Co-Authored-By: Claude Opus 4.6 (1M context) <noreply@anthropic.com>

* chore: bump version and changelog (v0.13.9.0)

Co-Authored-By: Claude Opus 4.6 (1M context) <noreply@anthropic.com>

* fix: add inspector message types to background.js allowlist

Pre-existing bug found by Codex: ALLOWED_TYPES in background.js was missing
all inspector message types (startInspector, stopInspector, elementPicked,
pickerCancelled, applyStyle, toggleClass, injectCSS, resetAll, inspectResult).
Messages were silently rejected, making the inspector broken on ALL pages.

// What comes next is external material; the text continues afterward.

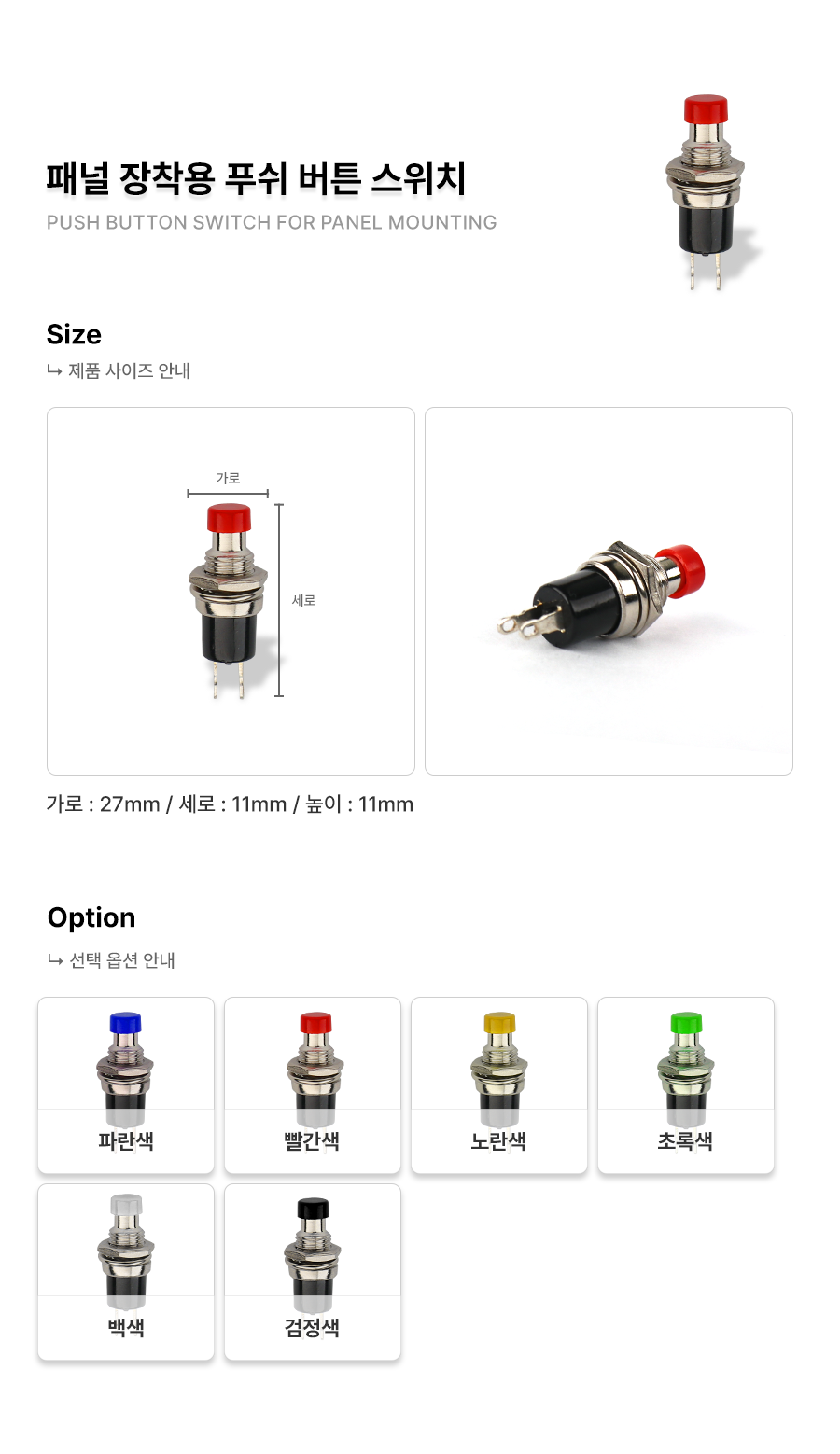 아두이노 패널 장착용 푸쉬 버튼 스위치(6색 선택)

Also: separate executeScript and insertCSS into individual try blocks in
injectInspector(), store inspectorMode for routing, and add content.js
fallback when script injection fails (CSP, chrome:// pages).

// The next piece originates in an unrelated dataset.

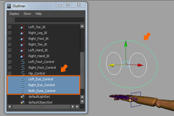 Now rename these eye control curves: "Left_Eye_Control", "Right_Eye_Control" and "Both_Eyes_Control" in the Outliner window.
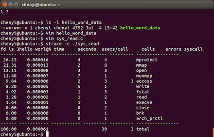 还有一个强力工具叫strace,它能追踪程序对系统API的调用情况,甚至能发现程序从文件中读取了那些数据,首先构建一个名为hello.txt的文本文件,里面包含一行字符串:“hello world!”,然后创建sys_read.c,在里面调用系统接口open和read来读取文件内容:

Co-Authored-By: Claude Opus 4.6 (1M context) <noreply@anthropic.com>

* feat: basic element picker in content.js for CSP-restricted pages

When inspector.js can't be injected (CSP, chrome:// pages), content.js
provides a basic picker using getComputedStyle + CSSOM:
- startBasicPicker/stopBasicPicker message handlers
- captureBasicData() with ~30 key CSS properties, box model, matched rules
- Hover highlight with outline save/restore (never leaves artifacts)
- Click uses e.target directly (no re-querying by selector)
- Sends inspectResult with mode:'basic' for sidebar rendering
- Escape key cancels picker and restores outlines

Co-Authored-By: Claude Opus 4.6 (1M context) <noreply@anthropic.com>

* feat: cleanup + screenshot buttons in sidebar inspector toolbar

Two action buttons in the inspector toolbar:
- Cleanup (🧹): POSTs cleanup --all to server, shows spinner, chat
  notification on success, resets inspector state (element may be removed)
- Screenshot (📸): POSTs screenshot to server, shows spinner, chat
  notification with saved file path

Shared infrastructure:
- .inspector-action-btn CSS with loading spinner via ::after pseudo-element
- chat-notification type in addChatEntry() for system messages
- package.json version bump to 0.13.9.0

Co-Authored-By: Claude Opus 4.6 (1M context) <noreply@anthropic.com>

* test: inspector allowlist, CSP fallback, cleanup/screenshot buttons

16 new tests in sidebar-ux.test.ts:
- Inspector message allowlist includes all inspector types
- content.js basic picker (startBasicPicker, captureBasicData, CSSOM,
  outline save/restore, inspectResult with mode basic, Escape cleanup)
- background.js CSP fallback (separate try blocks, inspectorMode, fallback)
- Cleanup button (POST /command, inspector reset after success)
- Screenshot button (POST /command, notification rendering)
- Chat notification type and CSS styles

Co-Authored-By: Claude Opus 4.6 (1M context) <noreply@anthropic.com>

* docs: update project documentation for v0.13.9.0

Co-Authored-By: Claude Opus 4.6 (1M context) <noreply@anthropic.com>

* feat: cleanup + screenshot buttons in chat toolbar (not just inspector)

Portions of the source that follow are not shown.